Latin : lecture analytique de l'Enéide, chant IV, vers 1-24 et 28-29




Lecture analytique : Enéide, chant IV, vers 1-24 et 28-29


Introduction : Virgile, est né en 70 av. J.-C. à Andes. Il a étudié les littératures grecque et latine, la philosophie, la rhétorique, dans les villes de Crémone, de Milan, de Rome et de Naples. Il était protégé par l’homme d’Etat, Mécène, et donc  n’avait ainsi aucun souci financier et a pu se consacrer entièrement à l'écriture et à l'étude. Il est notamment écrit les Bucoliques, les Géorgiques et l’Eneide.
Dans ce dernier, qui est c’est une œuvre inachevé, écrit en hexamètre dactylique) (10 000 vers divisé en 12 chants), Virgile raconte la fuite d’Enée, fils d’Anchise et Venus, avec son fils Ascagne pour aller fonder une nouvelle ville sur de nouvelles terres. Après avoir perdu son navire, il est obligé de rester à Carthage où la reine Didon règne.
Dans l’extrait étudié du chant 4, Didon reconnait les sentiments qu’elle a envers Enée.
En quoi Didon apparait-elle dès le début du chant IV comme une héroïne de tragédie ?
Pour répondre à cette question, deux parties, le récit introductif à l’aveu, puis la tirade de Didon.
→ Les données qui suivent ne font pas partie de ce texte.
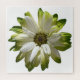 Quebra-cabeça de serra. Uma margarida vibrante com pétalas brancas coladas com verde é centrada sobre um fundo comum. O arranjo simétrico da flor e a vivacidade de suas cores lhe dão uma aparência nova, semelhante à da vida.
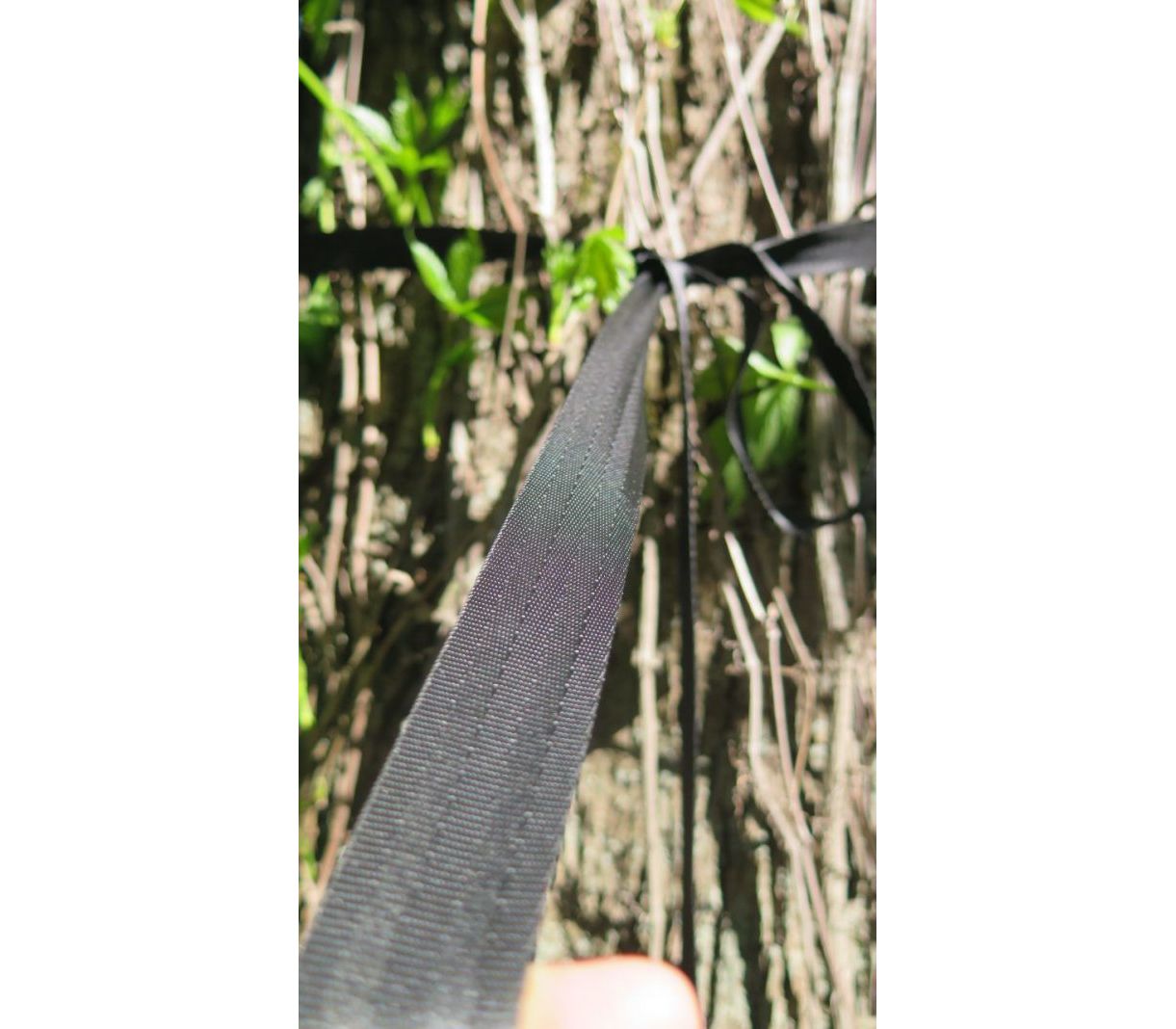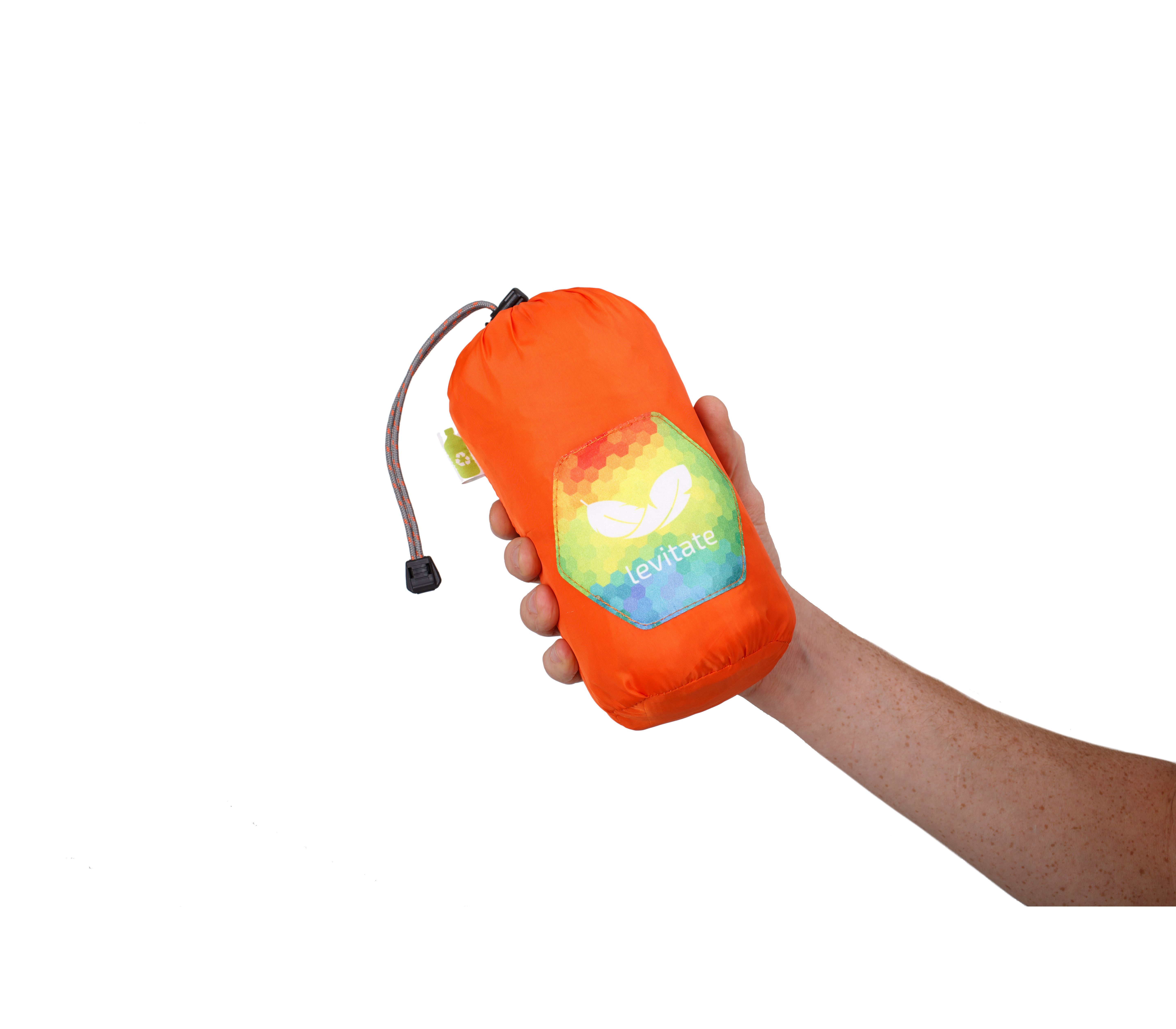 Гамак зроблений з поліестеру, вироблений з перероблених пластикових пляшок. Це волокно сплелося в міцну і дихаючу тканину. Стропи виконані так само з переробленого матеріалу. При розробці подбали щоб стропи були як ремені безпеки: завдяки особливому жорсткому плетіння стропа не боїться тертя і великих навантажень, а її оптимальна ширина розподіляє вагу, не завдаючи шкоди корі дерева. Гамак неймовірно міцний і довговічний. Чохол пришитий до самого гамаку, що виключає його втрату і може служити як підставка для пляшки або фляги.
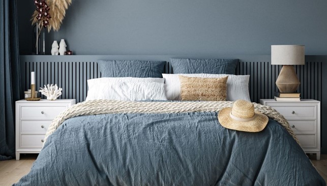 Per la camera da letto il denim drift è la tonalità perfetta. Questo azzurro tendente al grigio infonde una sensazione di calma e serenità, favorendo un riposo profondo. Se sei alla ricerca di un’atmosfera più romantica e dolce, il rosa è il colore ideale. Spesso associato alla tenerezza e alla calma interiore, è perfetto per una camera da letto matrimoniale.
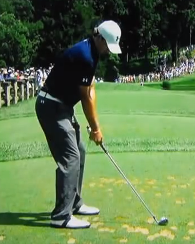 Jordan Spieth’s left arm is slightly flexed at impact. It is a common misunderstanding to think that the left arm has to be straight at impact. In fact, we see many great players with bent left arms at impact.
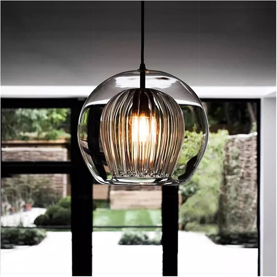 Suspension citrouille avec ampoule e27 en verre amber
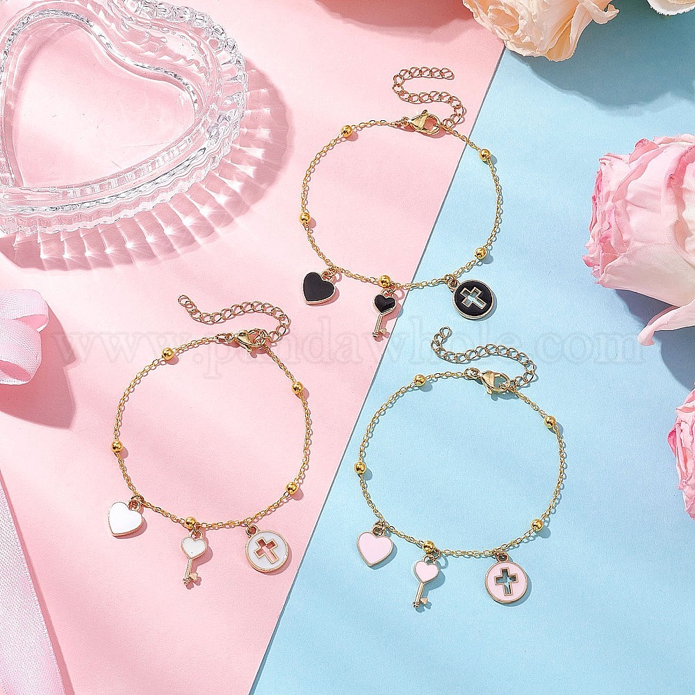 Латунные плоские овальные кабельные цепные браслеты, сплав эмали подвески браслеты с подвесками для женщин, сердце и ключ и плоский круг с крестом
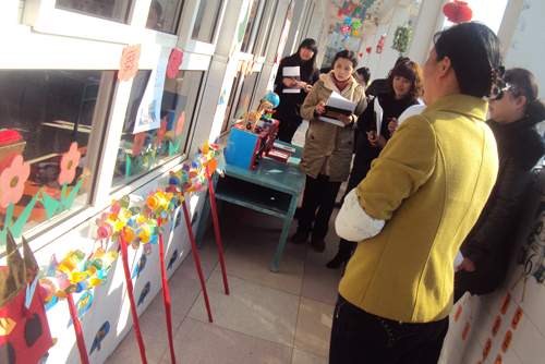 12月17日上午,厍浜幼儿园全园总动员,开展自制体育用具和区域教玩具展评活动。担任本次比赛评委的是家长委员会的八位家长代表,活动的指导思想为:坚持以游戏为基本活动,注重培养幼儿主动学习习惯;促进教师的专业化发展,鼓励教师根据幼儿学习发展的需要和兴趣制作活动材料;注重自制玩教具的使用,激发幼儿探索学习的兴趣;避免人力物力资源的浪费。

I.                    Le récit Introductif

a)     Champs lexical de la douleur, de la souffrance physique qui d’ordre morale, spycologique. saucia gravi cura, vulnus alit venis (image du feu, elle va se jeter dans un bucher à la fin du chant IV : elle est déjà prisonnière), caeco ignis, pactore, verbaque, nec placidam quietem.
Une série de terme qui évoque Enée : vir, gentis honor : souffrance lié à l’obsession du héros Enée.
Il y a un paradoxe : elle est libre et veuve et pourtant elle ressent de la souffrance. Gentis honos, viri virtus : la proie d’une passion alors qu’on ne voit pas l’origine de cette souffrance.

b)   On quitte le portrait de la Reine, 3 vers ont une fonction de cadre spatio-temporel : elle sert à présenter l’action mais aussi sert de transition (vers charnière), elles sont marqué par une liaison réaliste et poétique umentemque umbram permet au lecteur de se repérer à la scène mais ce réaliste est également ramené dans le texte poétique grâce à Aurora : on remarque la présence d’une personnification de l’aurore qui montre une vision poétique (Épopée dans un univers poétique). Réaliste matériel lié à la présence de Dieu. L’évocation de ce changement de jour va permettre à Virgile le rapport entre Didon et le monde : l’aurore avait dissipé l’ombre quand Didon parle à sa sœur Anne. Il souligne en effet une opposition du Monde avec Dison : elle est coupée du monde, isolée -> personnage tragique qui nous amène à la tirade de Didon.

II.                  La tirade de Didon

Le topo de la tragédie est le dilemme d’un amour impossible. La tirade de Didon peut être divisé en trois parties : des vers 9 à 14, des vers 15 à 23 et des vers 24 à 25 :

a)    des vers 9 à 14 : Il y a un éloge d’Enée avec des propositions exclamatives assez brèves avec un lexique mélioratif quis nobus hic hospes, quem sese ferens ore et une hyperbole forti pectore et armis, genus esse deorum.

b)    des vers 15 à 23 : Introduction du passé, de l’amour et de la fatalité par des si et post (23>). De plus la tentation est présente : potui, un subjonctif qui montre l’irréel du passé, puis solus hic inflexit sensus qui impulit animum labantem, un imparfait, puis Agnosco veteris vestigia flammae au présent : on passe de l’irréel du passé à une possibilité.

c)     des vers 24 à 25 : on a un retournement : inflexit, impulit, elle se sent céder, mais soudain elle s’arrête et revient à la réalité : l’affirmation de la fidélité au passé. On a l’utilisation du mode subjonctif qui marque la volonté forte : abstulit, habeat, servet. On a une certaine immobilité de Didon qui ne veut pas céder au courant de la réalité.

Conclusion : Didon apparait comme une héroïne tragique : on a une héroïne marquée par le destin (dans la tirade : la fatalité = le destin), ce qui la distingue des mortels. L’héroïne, a en elle, une passion exacerbée : une passion violente. Elle sait prendre sur soi : elle est confronté à un amour et à ses devoirs (son honneur) et comme toute héroïne tragique, elle prend conscience que obéir à son devoirs est la meilleurs voie. C’est une reine, appartenant donc à la noblesse avec un langage soutenu (caractéristique des héroïnes tragiques). De plus elle cherche une vérité intérieure avec lucidité (caractéristique des héroïnes tragiques).